# Forum Home Renovation Plastering  plastering over fibro?

## drt

Hi, 
I have an old 20's cottage with the front half of the internal walls and ceilings for 2 rooms and hallway being fibro, each panel is joined by a cover strip every 1.2m (strip is wood 65mmx8mm), plus skirting and picture rail. 
To (hopefully) improve insulation and wanting to cover over the highly likey asbestos, I would like to plaster/gyprock over this. 
- Can I glue the plaster board onto the walls using the coverstrips as battens with the above distance between each strip, or would I need to glue more battens to the wall? 
- can i glue only, or do I need to nail aswell (walls and ceiling)? 
- As I want minimise disturbing any asbestos, I dont want to remove the skirting and existing picture rails, so i think I have to stick plaster board as close as possible to surrounding skirting and picture rails and then install new ones over the existing (to try and keep that look), has anyone done similar? 
- Can I glue over the existing paint on the wall or do I have to cut back to bear wood on the strips (only reason i ask is i would prefer not to to not disturb any asbestos -  :Redface:  repeating myself ,..i know) 
- thats all i can think of...  
any help or advice really appreciated, first time i've tried plastering,  
oh, one other thing, i've been told that joining is the hardest bit to keep a smooth surface, just practice i guess? 
Thanks, 
D

----------


## Pulse

G'day, you can't really have a half decent job without stripping back to some degree. You could screw through the fibro into th studs but not glue to it. You would need to take off the cover strips and the skirting. If you wre happy to lose room space the use Rondo channels #129 on clips screwed to the studs. 
CHeers
Pulse

----------


## Rod Dyson

Just remove the strips and screw plasterboard sheets over the fibro.

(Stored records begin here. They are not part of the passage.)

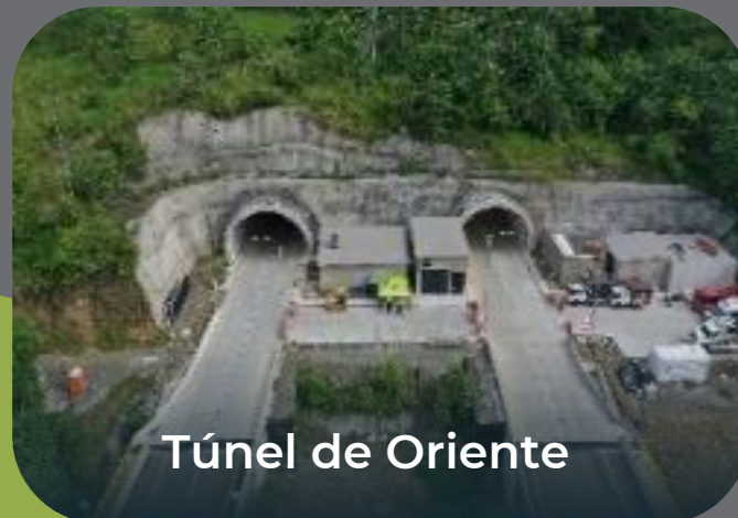
Túnel de Oriente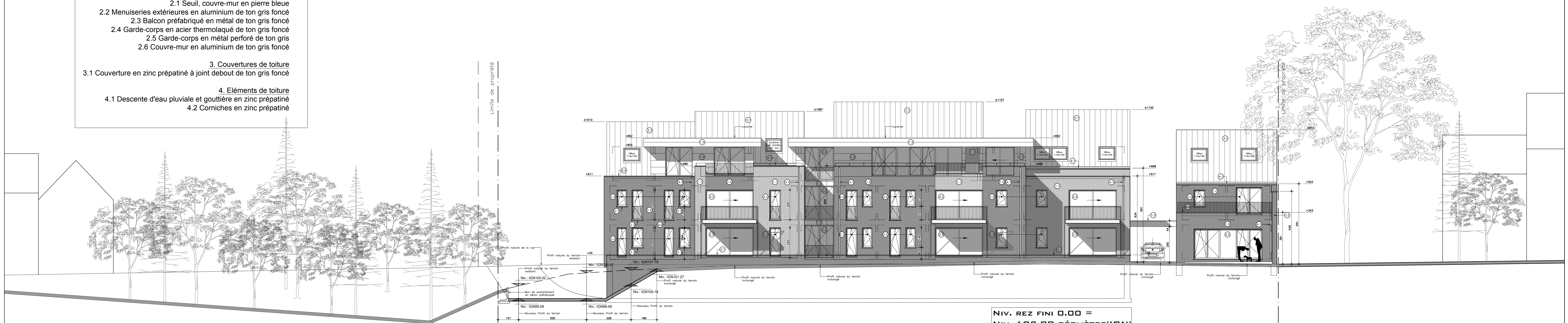
NIV. REZ FINI 0.00 = NIV. 102.00 GÉOMÈTRE(IGN) ÉLÉVATION ARRIÈRE COUPE LONGITUDINALE MODIFICATION DU RELIEF ECHELLE 1:100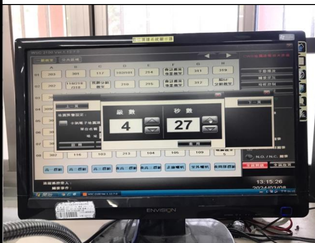
3月8日9點21分正式發布防震警報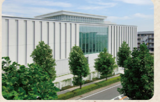
緑に囲まれた施設。充実した設備が魅力

あざみ野子どもぎやらりい2023 ぞうけいラボ 造形あそびができる「研究所(ラボ)」です！コップで絵具を混ぜるアートなジュースづくり、紙を切ってつなげていく紙テープのジャングルづくり、大きな紙にお絵かきなどの研究をしてみませんか？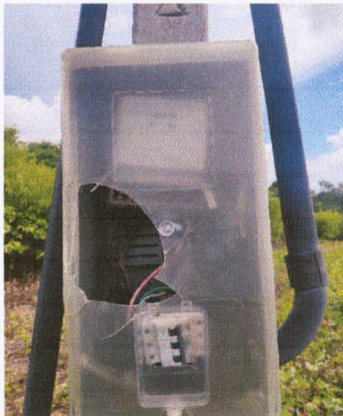
Figura 14 – Quadro de medição nos reservatórios de Timonha

No need for the battens.  Glue will not help as you will only be glueing to the fibro sheets that are not glued.  
Screw the sheets every 400mm down the stud when you are not using glue (walls) and 300mm (ceilings). 
See tips on jointing on my web site they will help. 
Cheers Rod

----------


## drt

Is it possible to leave the strips there and just use longer screws that go through the strip and then into the stud? The only extra piece that I imagine I'll need to do is add extra strips over each stud (same thickness as existing strips) to keep it level?

----------


## SilentButDeadly

Personally, I'd just remove the fibro. If you follow the basic safety precautions (wear disposable coveralls and disposable P2 masks) then it is perfectly safe to do so. Just lay two layers of black builders plastic on the floor of the room, remove sheets from the wall, lay down as many sheets as a pair of you can carry (about four sheets) and wrap them in the builders plastic.  Seal your parcel with duct tape and take the parcel out to your hired ute or trailer. Repeat until rooms are stripped.  Take parcels to licenced tip (you may need to let them know you're coming).   
Alternatively you can hire a asbestos approved skip bin instead of the ute and you'll probably pay about $300 to $400 plus tip fees (my local charges about $70 per tonne for asbestos)....  http://www.environment.nsw.gov.au/wa...stos/index.htm

----------


## Rod Dyson

If you do leave the masonite your idea with the strips will work fine, just more work.

----------


## drt

thanks for the advice, is there a special drill to use for screwing, I saw this on ebay:  http://cgi.ebay.com.au/DRYWALL-SCREW...QQcmdZViewItem 
or will my normal cordless drill do the job?

----------


## drt

will my standard cordless drill do the job or should I go for this one on ebay:  http://cgi.ebay.com.au/DRYWALL-SCREW...QQcmdZViewItem

----------


## drt

can i use my cordless drill for fixing the plaster or should i use one of these:  http://cgi.ebay.com.au/DRYWALL-SCREW...QQcmdZViewItem

----------